In an essay published yesterday in the New York Times (NYT), Stockman wrote that the Fed’s quantitative easing policies following the credit crisis have flooded stock markets with cash even while the “Main Street economy” remains weak. The combination, he wrote, is “unsustainable.”
“When it bursts, there will be no new round of bailouts like the ones the banks got in 2008,” wrote Stockman, a former senior managing director at Blackstone Group LP (BX) and a former Republican congressman from Michigan. “Instead, America will descend into an era of zero-sum austerity and virulent political conflict, extinguishing even today’s feeble remnants of economic growth.”
Stockman, 66, is the author of “The Great Deformation: The Corruption of Capitalism in America,” which will be published tomorrow.
He rose to prominence during the early 1980s in the Reagan administration while pushing supply-side economics, which held that income tax cuts would boost economic growth and raise more revenue for the government.
Stockman quickly turned on supply-side economics. He said the benefits would only “trickle down” to the non-wealthy and that the tax plan “was always a Trojan horse” for accomplishing the primary goal. That objective was bringing down the top income-tax rate to 50 percent from 70 percent.
He resigned as budget director in 1985 and published a book criticizing the Reagan administration.
In an interview today on Bloomberg Television, Stockman said, “We’re borrowing money and burying the future generations in debt.”
The Fed, led by Ben S. Bernanke, is purchasing $85 billion in assets every month. The Fed is leaving its key interest rate near zero while it tries to reduce unemployment below 6.5 percent and hold inflation below 2.5 percent.
Those policies, Stockman said today, benefit speculators and bond traders and have created the “greatest bond bubble in history.”
The Standard & Poor’s 500 Index (SPX) rose to a record high last week, closing at 1,569.19 on March 28. That surpassed the previous record of 1,565.15 set in October 2007. Today, the S&P 500 fell 0.3 percent to 1,565.05 as of 10:06 a.m. in New York.

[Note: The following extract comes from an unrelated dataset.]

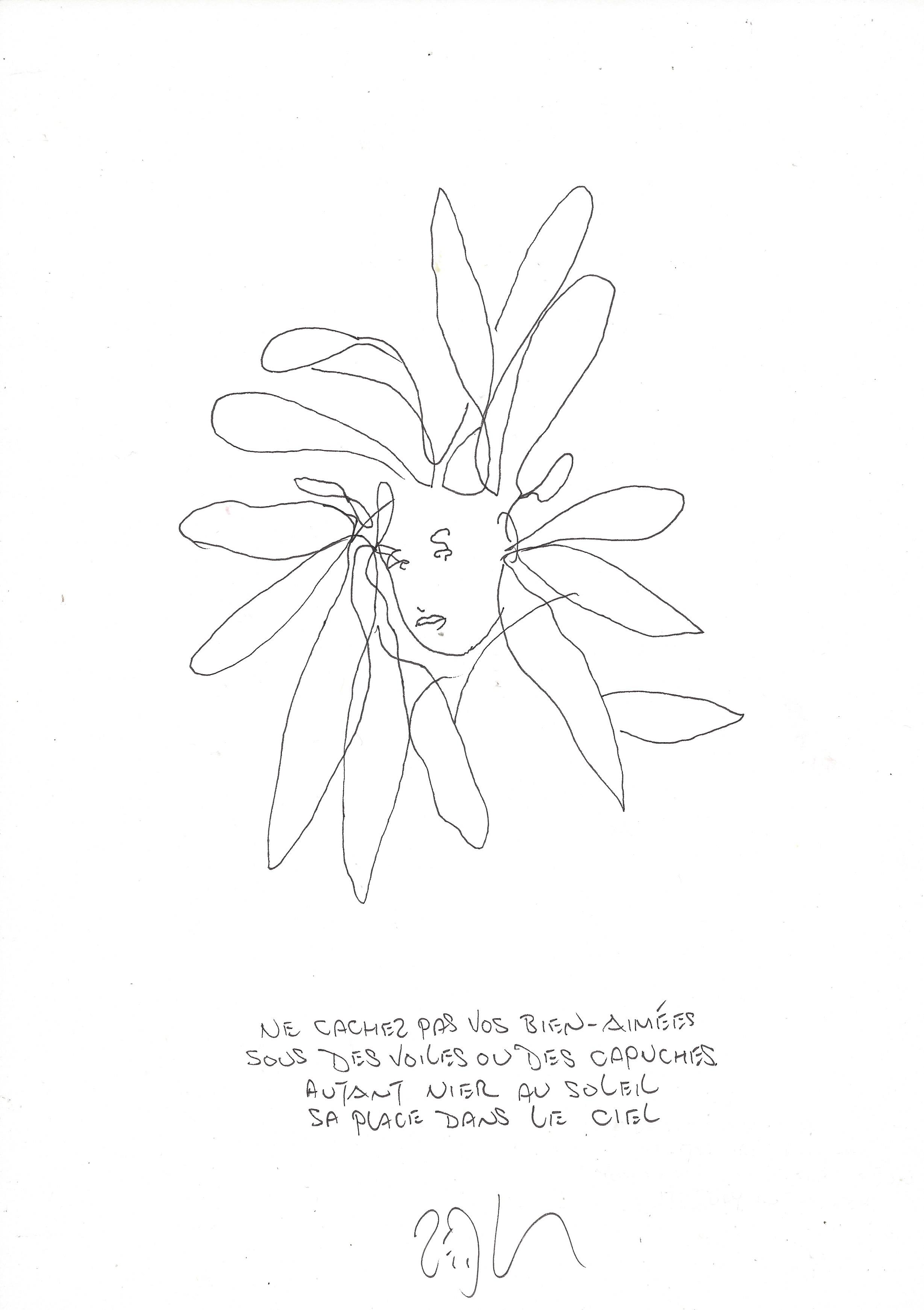 « Do not cover your beloved with veils and hoods, you might as well deny the sun it’s day in the sky – Ne cachez pas vos bien-aimées sous des voiles ou des capuches, autant nier au soleil sa place dans le ciel »

Among the culprits Stockman blamed for what he termed a “state-wreck” are President Franklin Delano Roosevelt for weakening the gold standard in 1933, President Richard Nixon for removing the convertibility of dollars to gold and “lapsed hero” Alan Greenspan, the former Fed chairman, for keeping interest rates too low for too long.
Investors will sell, Stockman wrote, at any hint that the Fed is starting to remove assets from its balance sheet.
“Notwithstanding Bernanke’s assurances about eventually, gradually making a smooth exit, the Fed is domiciled in a monetary prison of its own making,” he wrote, warning of unsustainable fiscal policies as well. “These policies have brought America to an end-stage metastasis. The way out would be so radical it can’t happen.”
In 2010, Stockman agreed to pay $7.2 million to settle a lawsuit with the Securities and Exchange Commission that claimed he had misled investors as chief executive officer of Collins & Aikman Corp., a maker of auto parts.
According to the SEC’s announcement, Stockman participated in transactions designed to “inflate” the company’s reported income and “obtained false documents from suppliers to mislead” auditors. Stockman neither admitted nor denied wrongdoing.
Paul Krugman, the Princeton University economist and New York Times columnist, responded on his blog yesterday, saying that he was “disappointed” in Stockman’s “gee-whiz, context- and model-free numbers embedded in a rant -- and not even an interesting rant.”
Krugman called Stockman’s piece “cranky old man stuff,” and summarized it this way:
“We’ve been doomed, yes doomed, ever since FDR took us off the gold standard and introduced unemployment insurance. What about those 80 years of non-doom? Just a series of lucky accidents. Now we’re really doomed. I mean it!”